* _AIM OF THE TASK_
Look below for the line with "Keychain featuring a" and the line with "Our SAT Crash"; repeat exactly those two lines and all lines between them, but no pictures.

* _RECORDS FOR THE EXERCISE_

*** Begin section ***

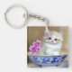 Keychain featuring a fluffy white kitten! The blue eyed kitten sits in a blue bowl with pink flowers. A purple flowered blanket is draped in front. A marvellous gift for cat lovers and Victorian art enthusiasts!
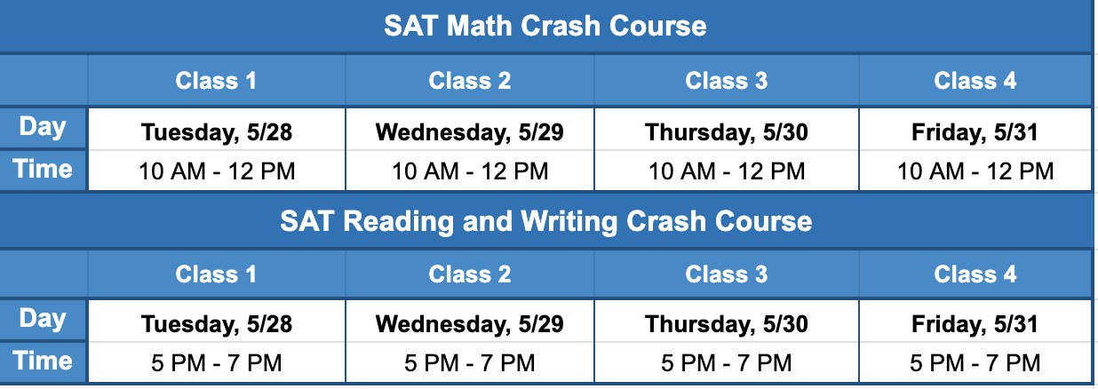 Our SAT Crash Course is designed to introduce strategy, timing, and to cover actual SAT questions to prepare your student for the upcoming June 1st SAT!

*** End section ***
*** Begin section ***

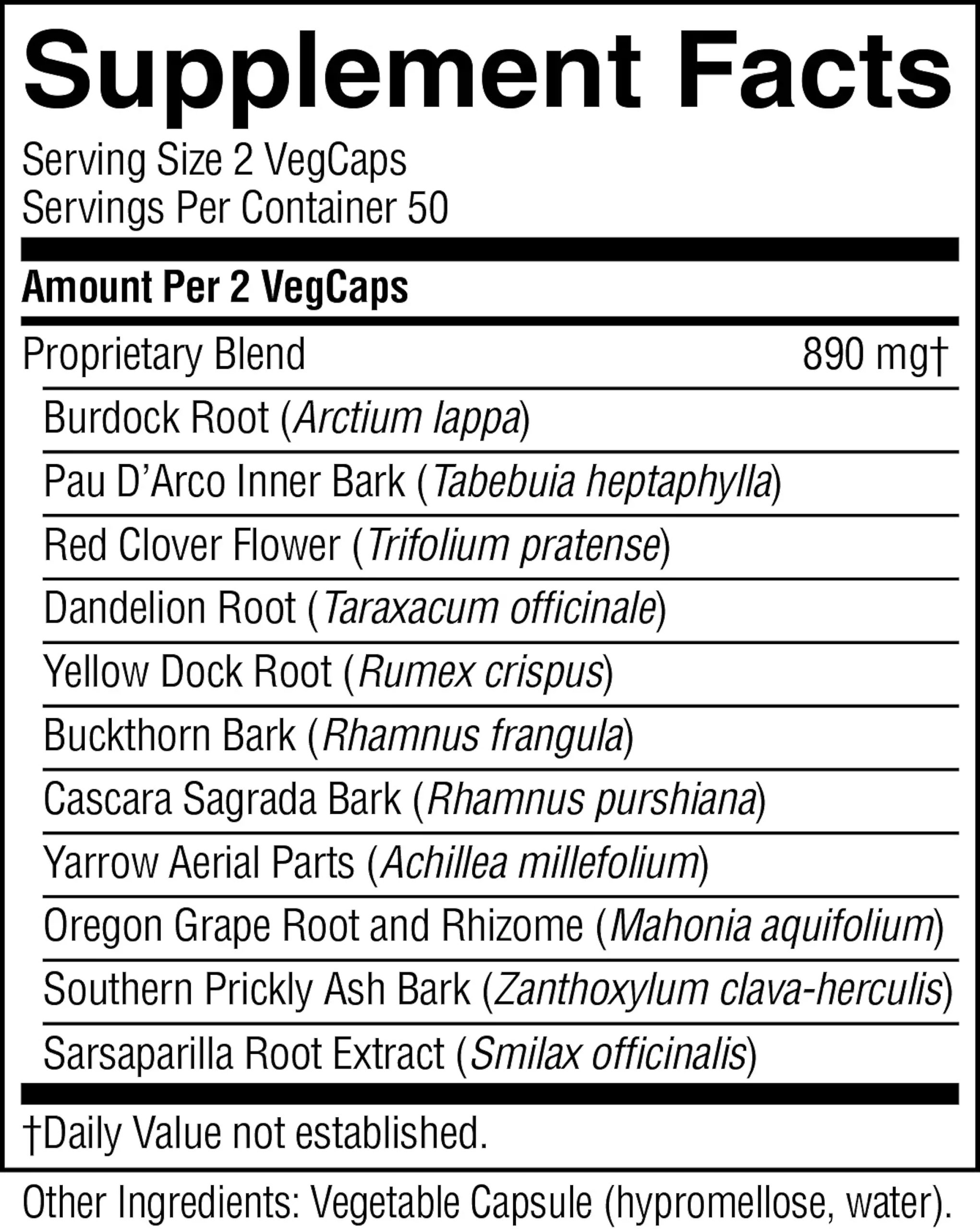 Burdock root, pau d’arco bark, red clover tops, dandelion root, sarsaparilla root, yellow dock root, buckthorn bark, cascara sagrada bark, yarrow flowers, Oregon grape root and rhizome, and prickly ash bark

*** End section ***
*** Begin section ***

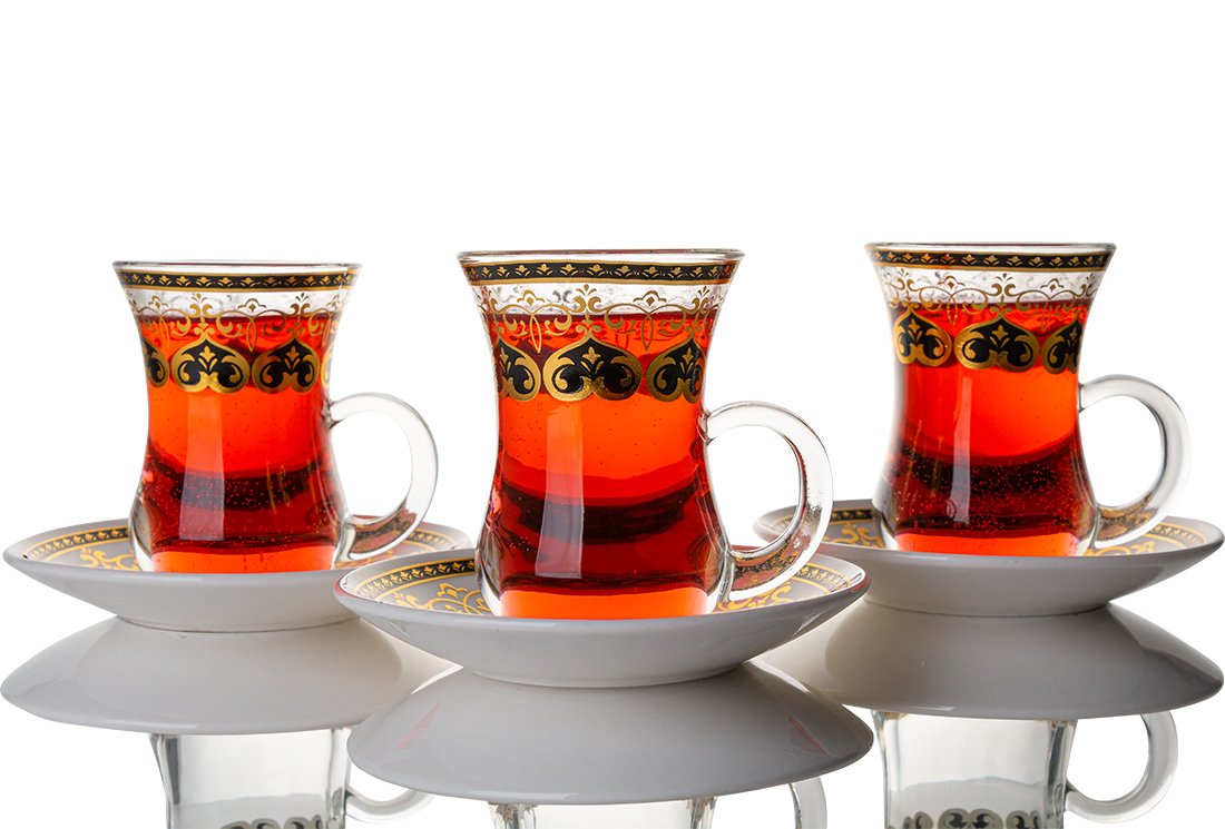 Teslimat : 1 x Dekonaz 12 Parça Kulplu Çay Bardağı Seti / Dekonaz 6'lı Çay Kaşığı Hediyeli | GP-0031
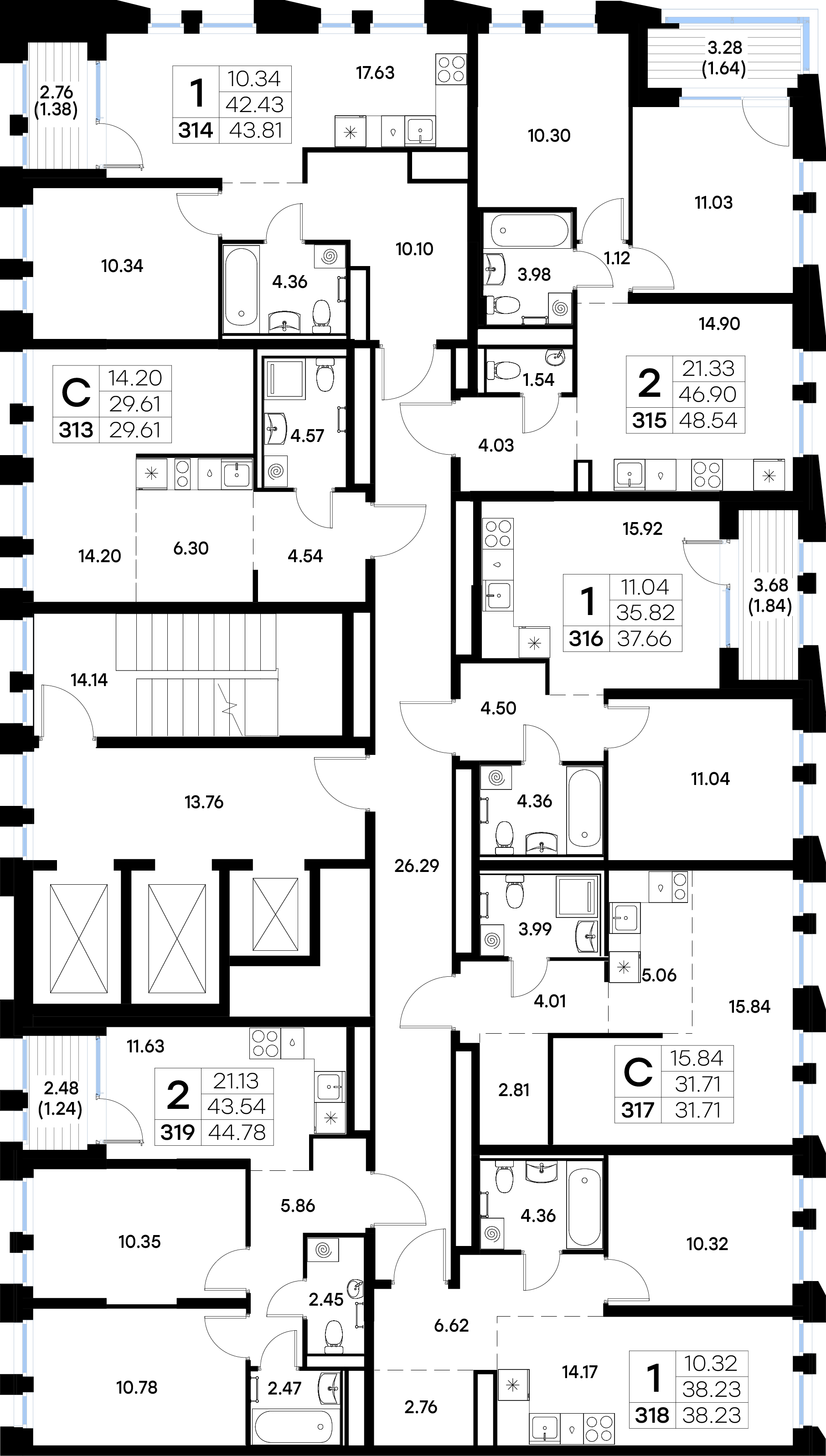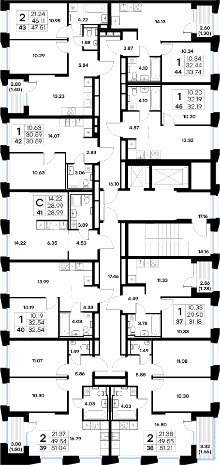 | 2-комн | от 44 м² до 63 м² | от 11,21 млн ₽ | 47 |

*** End section ***

* _RESULT FOR THIS EXERCISE_
 Keychain featuring a fluffy white kitten! The blue eyed kitten sits in a blue bowl with pink flowers. A purple flowered blanket is draped in front. A marvellous gift for cat lovers and Victorian art enthusiasts!
 Our SAT Crash Course is designed to introduce strategy, timing, and to cover actual SAT questions to prepare your student for the upcoming June 1st SAT!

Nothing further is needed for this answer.